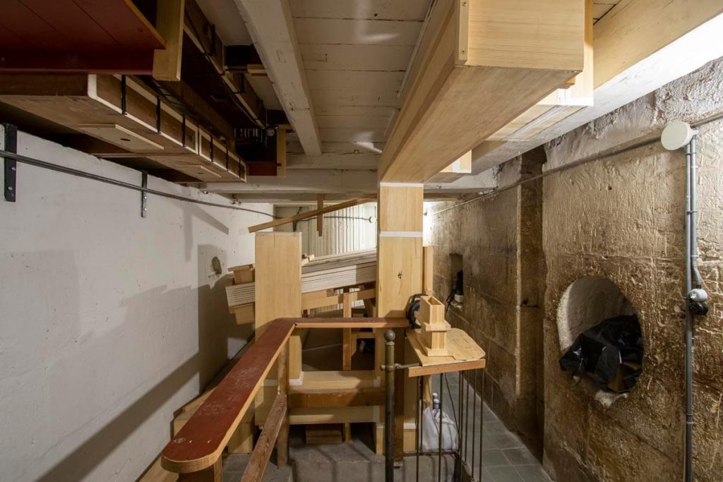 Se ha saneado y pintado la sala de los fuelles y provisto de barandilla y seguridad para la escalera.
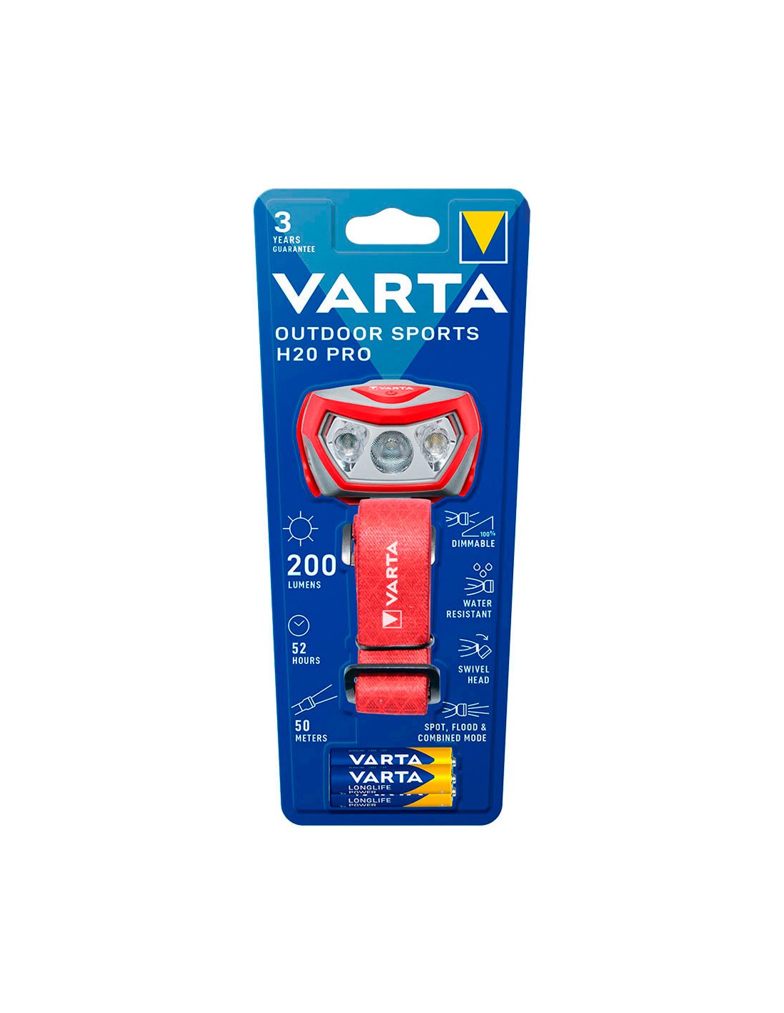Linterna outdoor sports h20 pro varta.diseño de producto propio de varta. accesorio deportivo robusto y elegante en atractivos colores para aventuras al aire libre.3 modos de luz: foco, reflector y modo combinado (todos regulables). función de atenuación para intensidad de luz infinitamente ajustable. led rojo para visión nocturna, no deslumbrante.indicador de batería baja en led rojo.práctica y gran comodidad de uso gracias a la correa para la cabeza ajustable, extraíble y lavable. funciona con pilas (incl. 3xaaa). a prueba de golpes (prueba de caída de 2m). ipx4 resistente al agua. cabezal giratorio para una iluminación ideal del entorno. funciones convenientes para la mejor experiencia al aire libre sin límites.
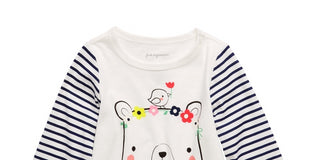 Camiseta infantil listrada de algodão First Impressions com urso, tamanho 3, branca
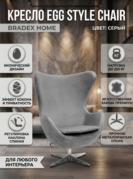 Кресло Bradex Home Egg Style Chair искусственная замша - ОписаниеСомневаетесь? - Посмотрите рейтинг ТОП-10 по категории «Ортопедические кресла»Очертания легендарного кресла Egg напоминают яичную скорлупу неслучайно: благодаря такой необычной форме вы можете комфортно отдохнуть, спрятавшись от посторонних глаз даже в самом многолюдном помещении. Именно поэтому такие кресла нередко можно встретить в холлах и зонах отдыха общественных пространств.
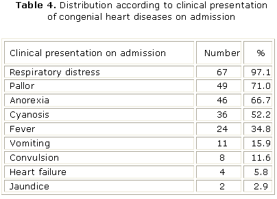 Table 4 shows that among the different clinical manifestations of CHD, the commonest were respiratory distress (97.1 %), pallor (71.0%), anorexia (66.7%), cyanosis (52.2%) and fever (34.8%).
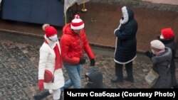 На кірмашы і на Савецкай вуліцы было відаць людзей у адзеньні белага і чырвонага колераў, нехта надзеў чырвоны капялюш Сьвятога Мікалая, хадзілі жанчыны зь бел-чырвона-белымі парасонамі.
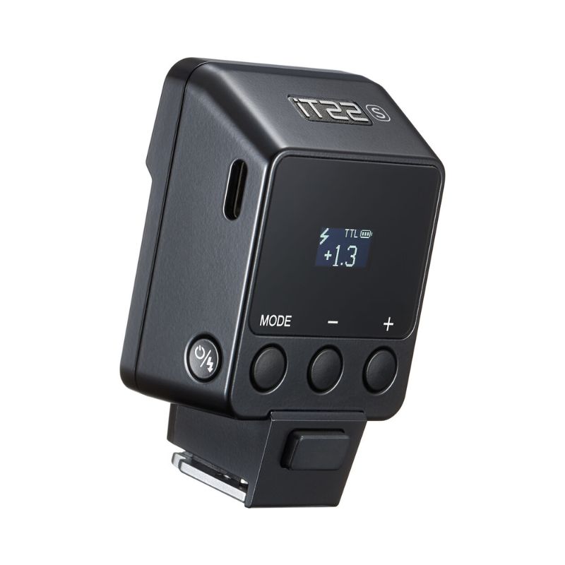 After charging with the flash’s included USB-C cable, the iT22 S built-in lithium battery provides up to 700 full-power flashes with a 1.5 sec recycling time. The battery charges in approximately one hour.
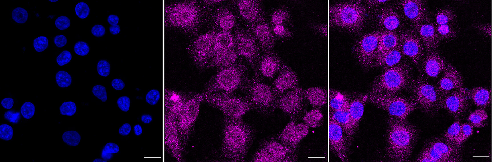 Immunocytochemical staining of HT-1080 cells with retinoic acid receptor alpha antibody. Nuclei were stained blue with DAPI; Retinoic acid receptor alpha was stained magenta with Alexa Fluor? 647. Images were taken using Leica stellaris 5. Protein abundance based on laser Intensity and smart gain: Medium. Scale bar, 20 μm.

## WORK INSTRUCTION
Retype the data above as given, letting no picture into the copy.

## EXERCISE SOLUTION
 Se ha saneado y pintado la sala de los fuelles y provisto de barandilla y seguridad para la escalera.
Linterna outdoor sports h20 pro varta.diseño de producto propio de varta. accesorio deportivo robusto y elegante en atractivos colores para aventuras al aire libre.3 modos de luz: foco, reflector y modo combinado (todos regulables). función de atenuación para intensidad de luz infinitamente ajustable. led rojo para visión nocturna, no deslumbrante.indicador de batería baja en led rojo.práctica y gran comodidad de uso gracias a la correa para la cabeza ajustable, extraíble y lavable. funciona con pilas (incl. 3xaaa). a prueba de golpes (prueba de caída de 2m). ipx4 resistente al agua. cabezal giratorio para una iluminación ideal del entorno. funciones convenientes para la mejor experiencia al aire libre sin límites.
 Camiseta infantil listrada de algodão First Impressions com urso, tamanho 3, branca
 Кресло Bradex Home Egg Style Chair искусственная замша - ОписаниеСомневаетесь? - Посмотрите рейтинг ТОП-10 по категории «Ортопедические кресла»Очертания легендарного кресла Egg напоминают яичную скорлупу неслучайно: благодаря такой необычной форме вы можете комфортно отдохнуть, спрятавшись от посторонних глаз даже в самом многолюдном помещении. Именно поэтому такие кресла нередко можно встретить в холлах и зонах отдыха общественных пространств.
 Table 4 shows that among the different clinical manifestations of CHD, the commonest were respiratory distress (97.1 %), pallor (71.0%), anorexia (66.7%), cyanosis (52.2%) and fever (34.8%).
 На кірмашы і на Савецкай вуліцы было відаць людзей у адзеньні белага і чырвонага колераў, нехта надзеў чырвоны капялюш Сьвятога Мікалая, хадзілі жанчыны зь бел-чырвона-белымі парасонамі.
 After charging with the flash’s included USB-C cable, the iT22 S built-in lithium battery provides up to 700 full-power flashes with a 1.5 sec recycling time. The battery charges in approximately one hour.
 Immunocytochemical staining of HT-1080 cells with retinoic acid receptor alpha antibody. Nuclei were stained blue with DAPI; Retinoic acid receptor alpha was stained magenta with Alexa Fluor? 647. Images were taken using Leica stellaris 5. Protein abundance based on laser Intensity and smart gain: Medium. Scale bar, 20 μm.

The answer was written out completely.